Part II. Each question is worth 6 points.
[1] A student adds 9.00 g of dry ice (solid CO2) to an empty balloon. What will be the volume of the balloon a
STP after all the dry ice sublimes?



Answer :

To find the volume of the balloon at standard temperature and pressure (STP) after all the dry ice sublimates, we will follow these steps: 1. Calculate the number of moles of CO2. 2. Apply the ideal gas law to find the volume at STP. Step 1: Calculate the number of moles of CO2 The number of moles (n) of CO2 can be calculated using the formula: n = mass / molar mass Given that the mass of dry ice added to the balloon is 9.00 g and the molar mass of CO2 is 44.01 g/mol, we can calculate the moles of CO2 as follows: n = mass_dry_ice / molar_mass_CO2 n = 9.00 g / 44.01 g/mol n ≈ 0.2045 mol So we have approximately 0.2045 moles of CO2. Step 2: Apply the ideal gas law to find the volume at STP The ideal gas law is stated as: PV = nRT Where P is the pressure, V is the volume, n is the number of moles, R is the ideal gas constant, and T is the temperature in Kelvin.
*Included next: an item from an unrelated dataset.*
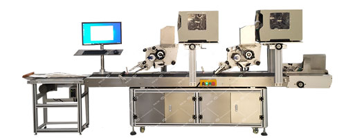 吊牌在線打印貼標機適用于平面產品實時打印貼標,如卡片、吊牌、未成型紙盒、包裝袋子等,雙標頭設計實現在同一產品不同水平位置同時貼2張或多張標簽;打印系統對接數據庫,邊打印邊貼標,如打印條碼、價格等內容,廣泛應用于印刷品的平面打印貼標;

At standard temperature and pressure (STP), the pressure (P) is 100 kPa (which is equivalent to 101,325 Pa) and the temperature (T) is 0°C, which is 273.15 K in Kelvin. Given: - P = 101325 Pa - n ≈ 0.2045 mol (from step 1) - R = 8.314 J/(mol·K) (ideal gas constant) - T = 273.15 K We want to find V, so we rearrange the formula to solve for V: V = nRT / P Substituting the constants and the value of n we calculated: V = (0.2045 mol) * (8.314 J/(mol·K)) * (273.15 K) / (101325 Pa) Now we calculate the volume: V ≈ (0.2045) * (8.314) * (273.15) / (101325) V ≈ (463.637535 mol·K·J/(mol·K)) / (101325 Pa) V ≈ 4.574 m^3 To convert this volume from cubic meters to liters, we use the conversion factor where 1 cubic meter is equivalent to 1000 liters: V_liters = V_m^3 * 1000 liters/m^3 V_liters ≈ 4.574 * 1000 V_liters ≈ 4574 liters Therefore, the volume of the balloon at STP after all the dry ice sublimates will be approximately 4574 liters.